** What you have to do **
Exactly the lines from the start of the data below through the line that contains "高清世界杯通常指的是以高清画" are to be copied, with pictures left out.

** Data to examine **
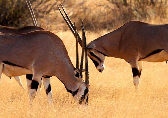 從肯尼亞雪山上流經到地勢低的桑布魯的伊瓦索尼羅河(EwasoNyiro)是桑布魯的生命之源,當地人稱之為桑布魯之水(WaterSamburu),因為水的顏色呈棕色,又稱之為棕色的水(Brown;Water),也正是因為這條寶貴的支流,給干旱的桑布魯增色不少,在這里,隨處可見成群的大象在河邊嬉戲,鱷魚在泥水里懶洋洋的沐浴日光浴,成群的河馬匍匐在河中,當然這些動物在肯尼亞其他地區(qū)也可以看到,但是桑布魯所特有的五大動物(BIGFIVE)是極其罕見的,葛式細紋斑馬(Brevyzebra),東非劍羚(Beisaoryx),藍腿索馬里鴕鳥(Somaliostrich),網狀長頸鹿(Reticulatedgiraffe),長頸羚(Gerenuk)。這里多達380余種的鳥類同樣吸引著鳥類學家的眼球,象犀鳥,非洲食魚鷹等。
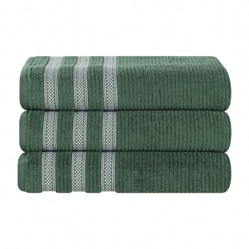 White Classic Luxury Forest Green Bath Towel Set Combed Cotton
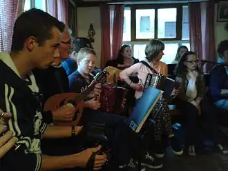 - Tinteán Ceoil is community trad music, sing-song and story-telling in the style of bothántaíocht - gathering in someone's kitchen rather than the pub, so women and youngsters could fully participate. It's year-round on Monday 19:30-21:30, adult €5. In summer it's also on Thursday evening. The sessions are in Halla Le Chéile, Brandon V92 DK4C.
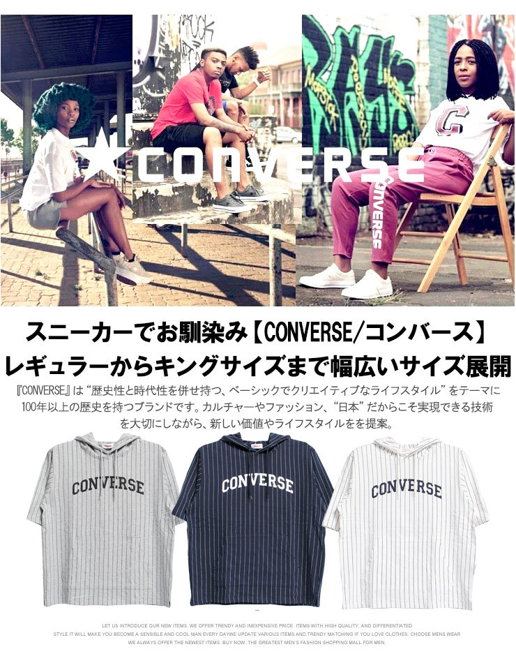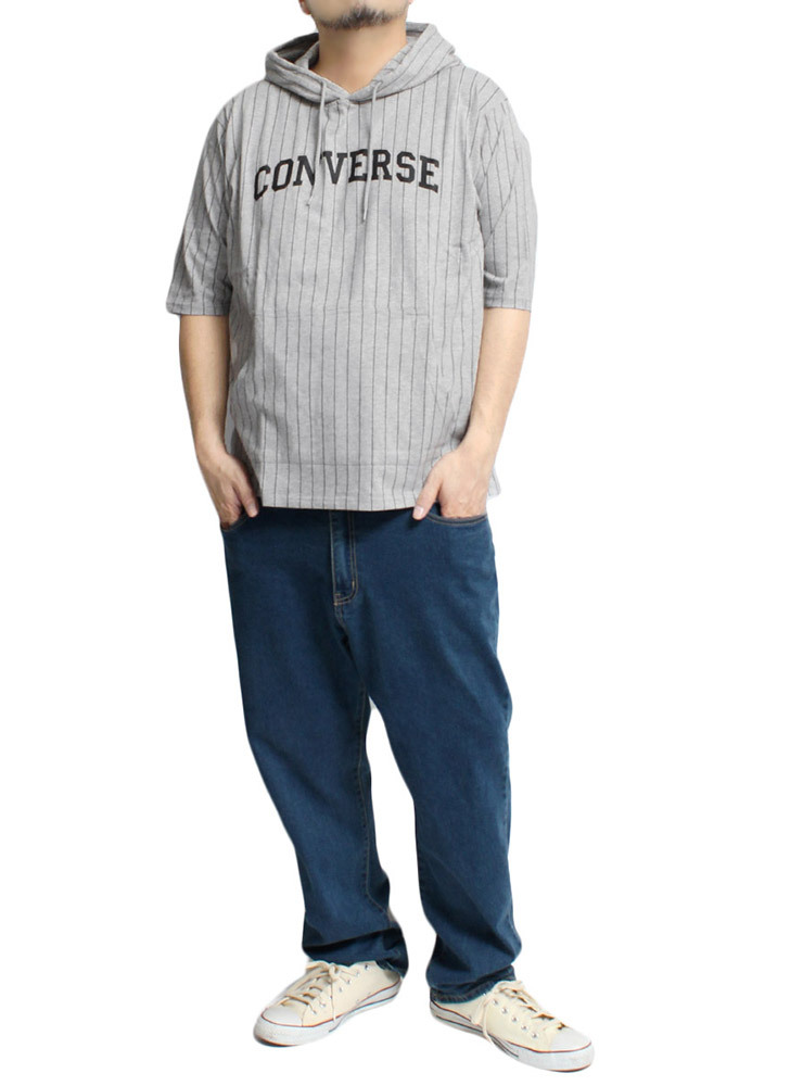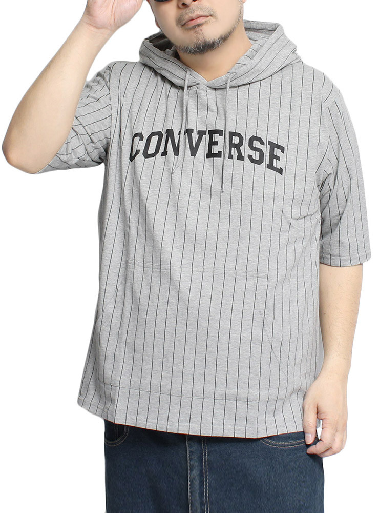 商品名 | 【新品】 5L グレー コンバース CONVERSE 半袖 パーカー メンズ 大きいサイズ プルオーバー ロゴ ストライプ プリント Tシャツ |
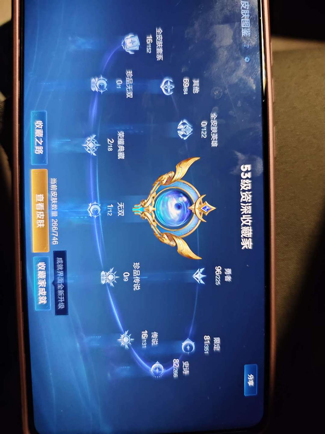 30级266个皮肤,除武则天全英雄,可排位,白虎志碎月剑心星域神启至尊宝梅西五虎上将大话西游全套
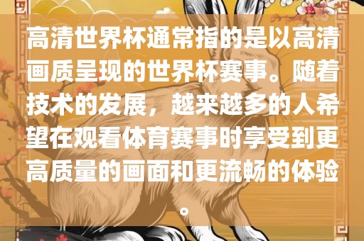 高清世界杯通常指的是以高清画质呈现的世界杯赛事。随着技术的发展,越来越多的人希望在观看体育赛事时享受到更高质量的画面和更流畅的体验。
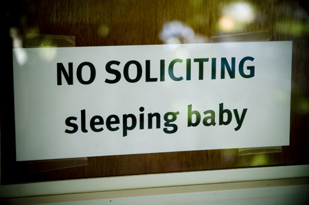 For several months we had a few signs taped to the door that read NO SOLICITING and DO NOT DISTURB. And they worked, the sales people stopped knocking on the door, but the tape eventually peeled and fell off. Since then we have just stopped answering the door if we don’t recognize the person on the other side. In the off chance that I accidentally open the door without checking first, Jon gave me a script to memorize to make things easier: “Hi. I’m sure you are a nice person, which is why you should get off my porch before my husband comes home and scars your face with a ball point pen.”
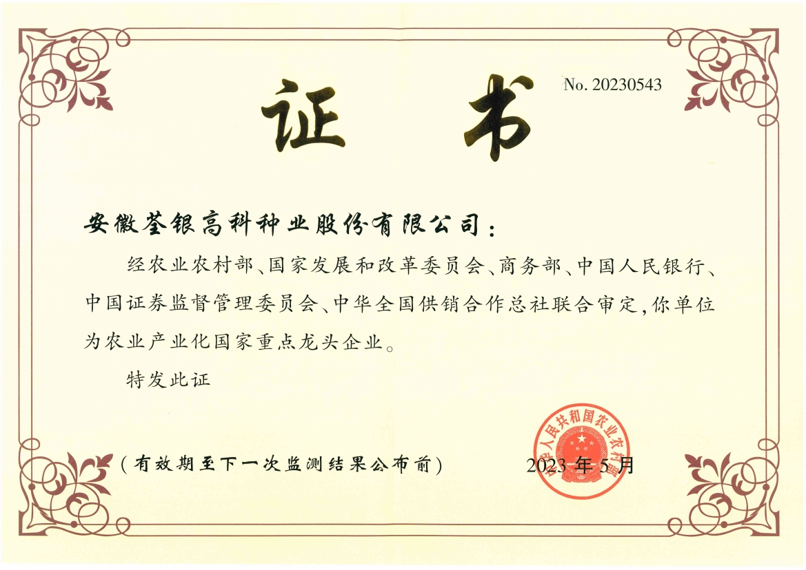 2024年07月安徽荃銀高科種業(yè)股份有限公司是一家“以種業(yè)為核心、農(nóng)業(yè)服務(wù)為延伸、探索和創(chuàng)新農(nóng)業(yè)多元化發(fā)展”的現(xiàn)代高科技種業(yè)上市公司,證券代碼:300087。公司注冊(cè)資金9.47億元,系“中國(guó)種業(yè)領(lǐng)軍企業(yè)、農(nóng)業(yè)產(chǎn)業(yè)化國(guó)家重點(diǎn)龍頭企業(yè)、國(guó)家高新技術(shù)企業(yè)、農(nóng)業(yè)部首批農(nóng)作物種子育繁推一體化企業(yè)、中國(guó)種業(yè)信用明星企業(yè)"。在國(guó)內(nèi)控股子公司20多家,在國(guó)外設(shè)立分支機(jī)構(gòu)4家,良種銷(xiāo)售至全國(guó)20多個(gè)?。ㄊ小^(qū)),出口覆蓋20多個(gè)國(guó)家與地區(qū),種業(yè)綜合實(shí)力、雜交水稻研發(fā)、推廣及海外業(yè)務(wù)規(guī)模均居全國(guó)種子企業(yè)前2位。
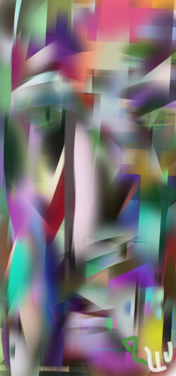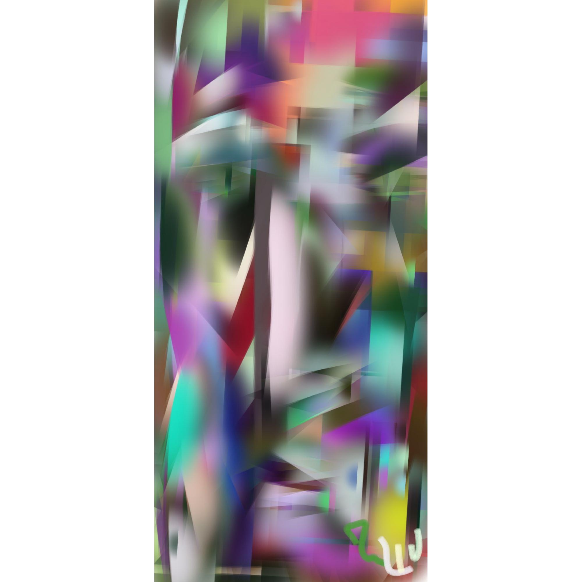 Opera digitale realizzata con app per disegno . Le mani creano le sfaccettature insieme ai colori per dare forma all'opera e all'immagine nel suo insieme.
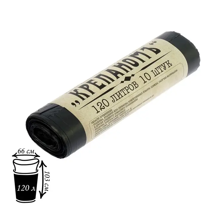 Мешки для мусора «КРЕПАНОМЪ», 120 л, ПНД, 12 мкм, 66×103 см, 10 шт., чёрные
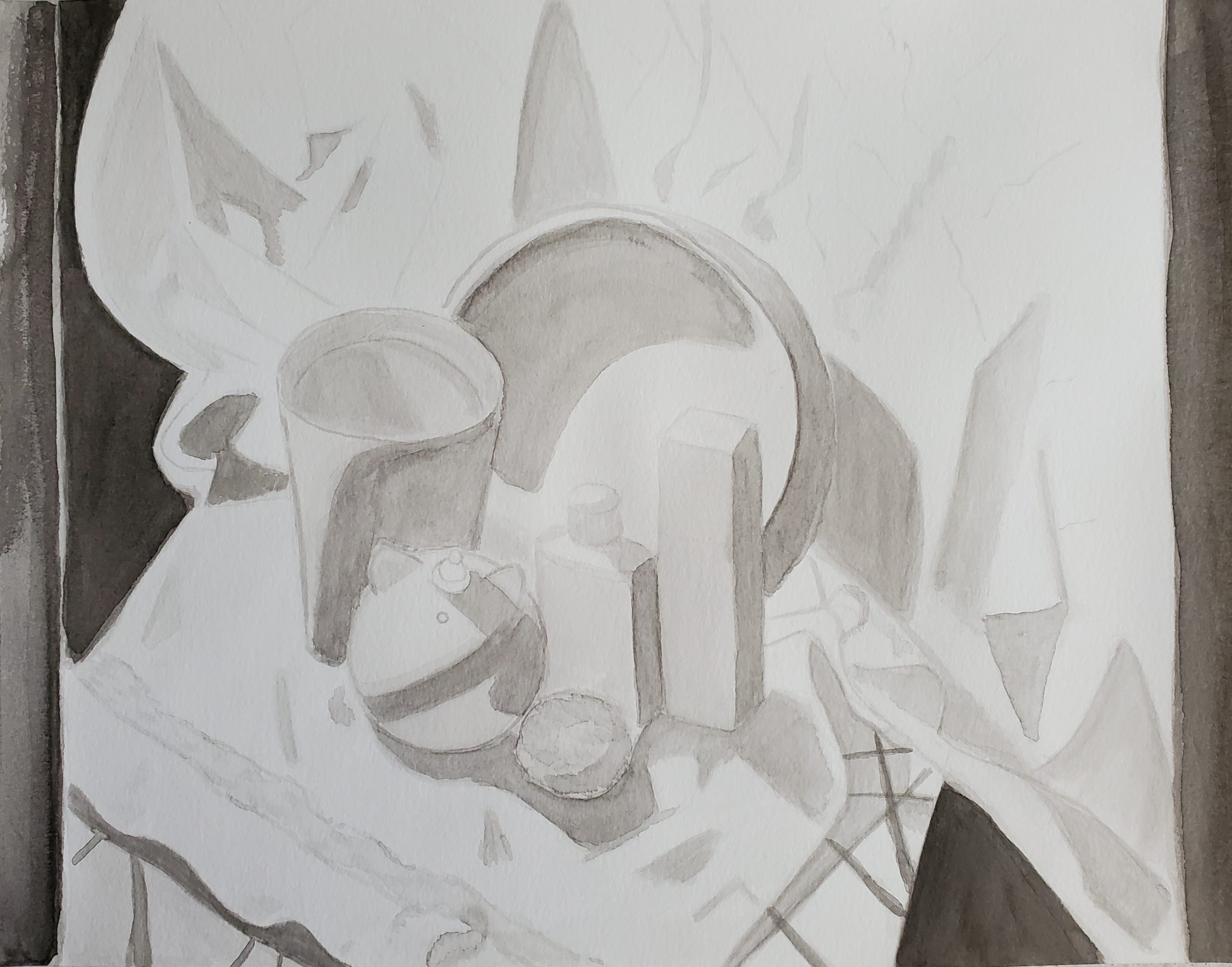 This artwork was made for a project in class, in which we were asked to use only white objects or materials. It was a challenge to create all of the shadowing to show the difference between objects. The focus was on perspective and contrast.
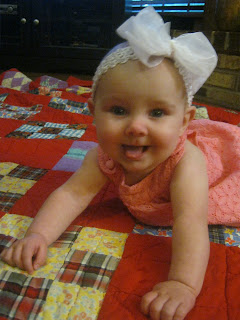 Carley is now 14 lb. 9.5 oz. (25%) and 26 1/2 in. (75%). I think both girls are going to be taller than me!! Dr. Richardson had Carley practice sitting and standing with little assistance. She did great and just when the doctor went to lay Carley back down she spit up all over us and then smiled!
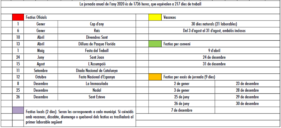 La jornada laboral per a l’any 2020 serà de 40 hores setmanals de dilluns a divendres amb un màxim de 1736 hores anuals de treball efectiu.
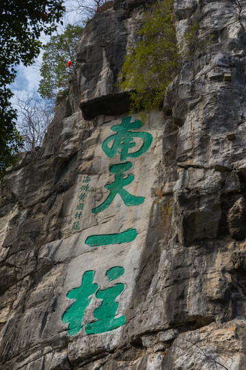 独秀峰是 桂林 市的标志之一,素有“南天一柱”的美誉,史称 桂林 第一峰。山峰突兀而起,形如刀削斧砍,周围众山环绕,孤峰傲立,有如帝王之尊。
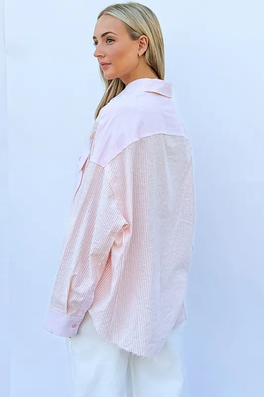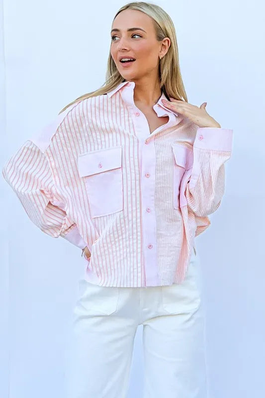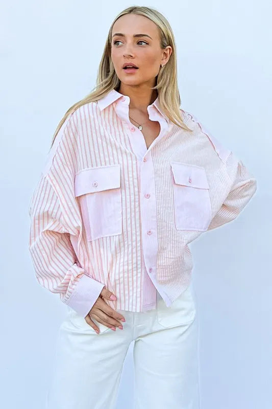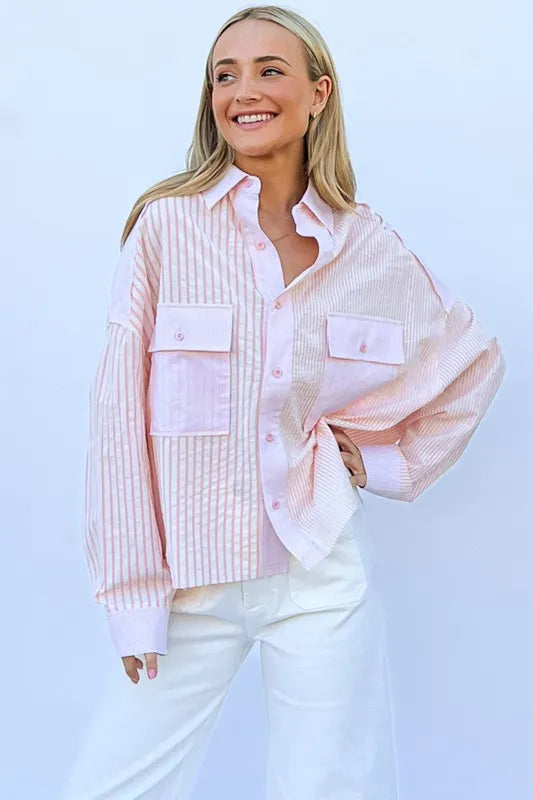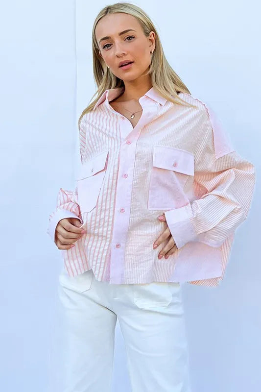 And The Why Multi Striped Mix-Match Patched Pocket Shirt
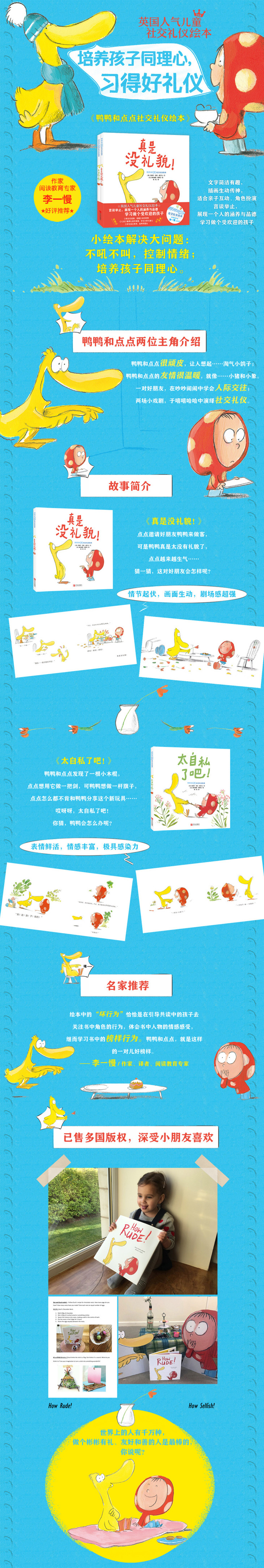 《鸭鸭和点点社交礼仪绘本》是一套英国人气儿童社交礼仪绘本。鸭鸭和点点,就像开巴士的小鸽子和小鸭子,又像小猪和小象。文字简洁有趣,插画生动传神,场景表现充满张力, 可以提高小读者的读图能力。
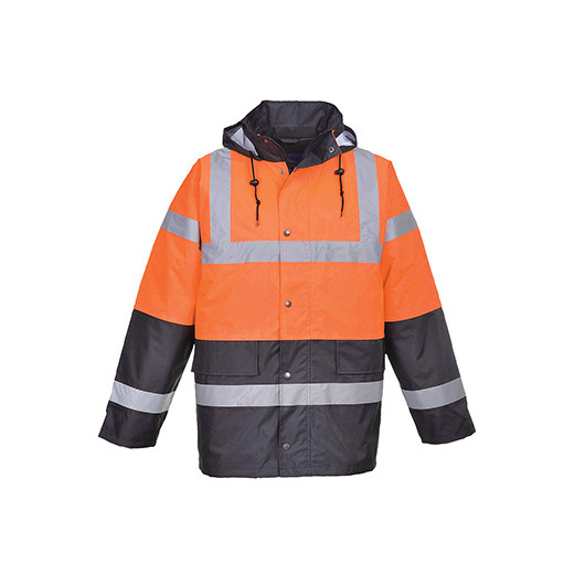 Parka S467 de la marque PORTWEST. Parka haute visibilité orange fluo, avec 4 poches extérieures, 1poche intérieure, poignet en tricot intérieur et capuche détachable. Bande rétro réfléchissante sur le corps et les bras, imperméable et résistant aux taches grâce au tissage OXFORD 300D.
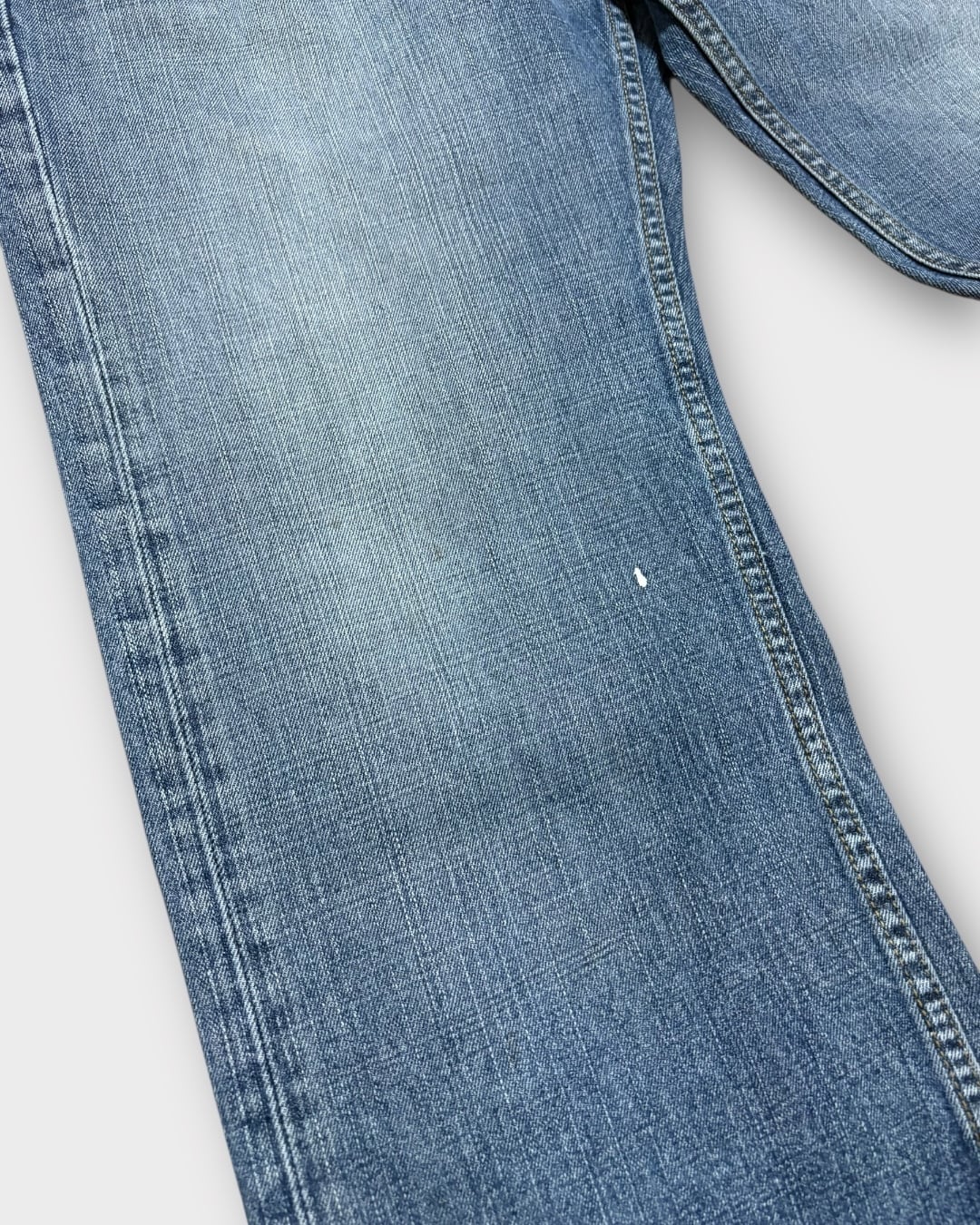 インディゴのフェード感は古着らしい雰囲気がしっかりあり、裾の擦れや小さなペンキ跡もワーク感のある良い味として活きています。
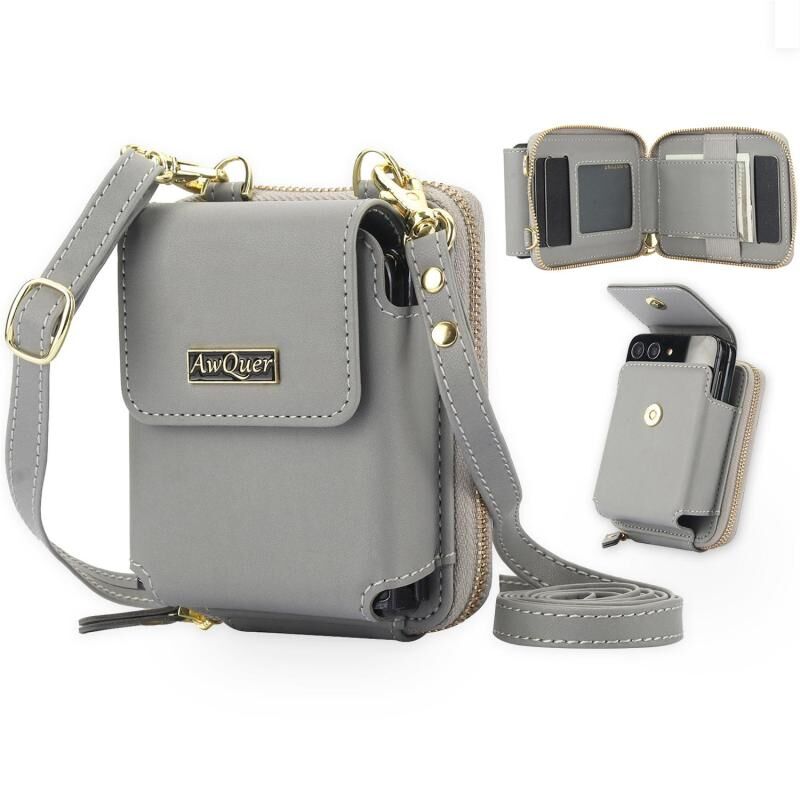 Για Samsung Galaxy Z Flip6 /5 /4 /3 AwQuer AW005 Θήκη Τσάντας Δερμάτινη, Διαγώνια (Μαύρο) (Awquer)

** Answer below **
 從肯尼亞雪山上流經到地勢低的桑布魯的伊瓦索尼羅河(EwasoNyiro)是桑布魯的生命之源,當地人稱之為桑布魯之水(WaterSamburu),因為水的顏色呈棕色,又稱之為棕色的水(Brown;Water),也正是因為這條寶貴的支流,給干旱的桑布魯增色不少,在這里,隨處可見成群的大象在河邊嬉戲,鱷魚在泥水里懶洋洋的沐浴日光浴,成群的河馬匍匐在河中,當然這些動物在肯尼亞其他地區(qū)也可以看到,但是桑布魯所特有的五大動物(BIGFIVE)是極其罕見的,葛式細紋斑馬(Brevyzebra),東非劍羚(Beisaoryx),藍腿索馬里鴕鳥(Somaliostrich),網狀長頸鹿(Reticulatedgiraffe),長頸羚(Gerenuk)。這里多達380余種的鳥類同樣吸引著鳥類學家的眼球,象犀鳥,非洲食魚鷹等。
 White Classic Luxury Forest Green Bath Towel Set Combed Cotton
 - Tinteán Ceoil is community trad music, sing-song and story-telling in the style of bothántaíocht - gathering in someone's kitchen rather than the pub, so women and youngsters could fully participate. It's year-round on Monday 19:30-21:30, adult €5. In summer it's also on Thursday evening. The sessions are in Halla Le Chéile, Brandon V92 DK4C.
 商品名 | 【新品】 5L グレー コンバース CONVERSE 半袖 パーカー メンズ 大きいサイズ プルオーバー ロゴ ストライプ プリント Tシャツ |
 30级266个皮肤,除武则天全英雄,可排位,白虎志碎月剑心星域神启至尊宝梅西五虎上将大话西游全套
 高清世界杯通常指的是以高清画质呈现的世界杯赛事。随着技术的发展,越来越多的人希望在观看体育赛事时享受到更高质量的画面和更流畅的体验。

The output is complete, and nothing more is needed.